I am in and down for $25 - KF you should just go ahead and pay my fee probably since you will just be paying it to me later?


----------



## FLBuff PE (Aug 19, 2016)

ooooooooo!


----------



## cdc0001 (Aug 21, 2016)

I'm also "in brah"

Sent from my SM-G920V using Tapatalk


----------



## P-E (Aug 22, 2016)

I'm in


----------



## knight1fox3 (Aug 22, 2016)

As it stands now, that's only (5) people.


----------



## akwooly (Aug 22, 2016)

More people, more fun, more money!


----------



## MetsFan (Aug 23, 2016)

I'm in, but I'm pretty bad at this so I don't want to "donate" more than $10 to the winner.


----------



## Supe (Aug 23, 2016)

I'm out.  Got roped into doing a 10 team league with a coworkers family to fill a vacancy after his daughter and deadbeat SIL separated.


----------



## Road Guy (Aug 23, 2016)

dude it only takes like 10 minutes..


----------



## knight1fox3 (Aug 23, 2016)

Road Guy said:


> dude it only takes like 10 minutes..


Right. Plus you can do it right on your phone with an app. I think I'm already in (3) of them so far.


----------



## Supe (Aug 23, 2016)

Road Guy said:


> dude it only takes like 10 minutes..


I can barely keep track of whether I put on underwear already as I get dressed every morning.  That's why my college pick'ems from a few years ago on here were so bad...


----------



## akwooly (Aug 23, 2016)

underwear is optional anyways.


----------



## knight1fox3 (Aug 23, 2016)

@Ken PE 3.0, @bradlelf, @engineergurl, @Dexman PE PMP, @NJmike PE


----------



## cdc0001 (Aug 23, 2016)

knight1fox3 said:


> @Ken PE 3.0, @bradlelf, @engineergurl, @Dexman PE PMP, @NJmike PE


And @cdc0001

Sent from my SM-G920V using Tapatalk


----------



## knight1fox3 (Aug 23, 2016)

cdc0001 said:


> > @Ken PE 3.0, @bradlelf, @engineergurl, @Dexman PE PMP, @NJmike PE
> 
> 
> And @cdc0001Sent from my SM-G920V using Tapatalk


Already have you on the list. I was tagging others that may not have seen this thread.

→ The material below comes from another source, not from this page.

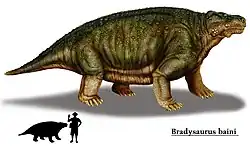 Despite the rarity of fossils, the fossil taxa that have been found from the Tapinocephalus Assemblage Zone are extremely diverse. Parareptile species such as the pareiasaur, Bradysaurus, and the perplexing putative pantestudine Eunotosaurus africanus are confined to this biozone.[27] One of the few pelycosaur species found in South African deposits, Elliotsmithia longiceps,[28] and the biarmosuchian Hipposaurus boonstrai are likewise found, including a variety of basal gorgonopsid,[29][30] anomodont,[31][32] and therocephalian species.[33] The dicynodont Diictodon feliceps first appeared in this biozone and remained ubiquitous until the Permian-Triassic boundary.[34] Other dicynodont species found include Robertia broomiana and Pristerodon brachyops. Finally, fossils of temnospondyl amphibians such as Rhinesuchus tenuceps,[35] remains of the fish Namaichthys digitata, invertebrate fossils of molluscs, invertebrate trackways and burrows, vertebrate footprints of therapsids, and a variety of plant fossils, namely of Glossopteris, Dadoxylon, and Schizoneura, have been recovered.

Sent from my SM-G925V using Tapatalk


----------



## cdc0001 (Aug 23, 2016)

[emoji15]

Sent from my SM-G920V using Tapatalk


----------



## arminator_06 (Aug 25, 2016)

I'm in. I've never done something like this but am definitely an avid fantasy footballer. Where will you have the set up for weekly picks? ESPN, Yahoo, NFL.com, etc.? Also when should I submit you the $25? Lastly, go civils!


----------



## knight1fox3 (Aug 25, 2016)

Cool. CBS Sports. Provided we have enough to play (10 people preferred usually) I'll activate the league and auto-generated emails will be sent with instructions on how to access, make picks, etc.

As of this post, we currently have (7) players.


----------



## Road Guy (Aug 25, 2016)

look, either we get to 10 people or I sell the site to NCEES..


----------



## knight1fox3 (Aug 25, 2016)

LMAO!!!!


----------



## Flyer_PE (Aug 25, 2016)

What the hell.  I'm in.  Let me know when you need the money. Gives me a reason to pay at least a litte attention to football this year.


----------



## knight1fox3 (Aug 25, 2016)

Flyer_PE said:


> What the hell.  I'm in.  Let me know when you need the money. Gives me a reason to pay at least a litte attention to football this year.


Nice! And at least it's better than watching politics.


----------



## P-E (Aug 25, 2016)

Road Guy said:


> look, either we get to 10 people or I sell the site to NCEES..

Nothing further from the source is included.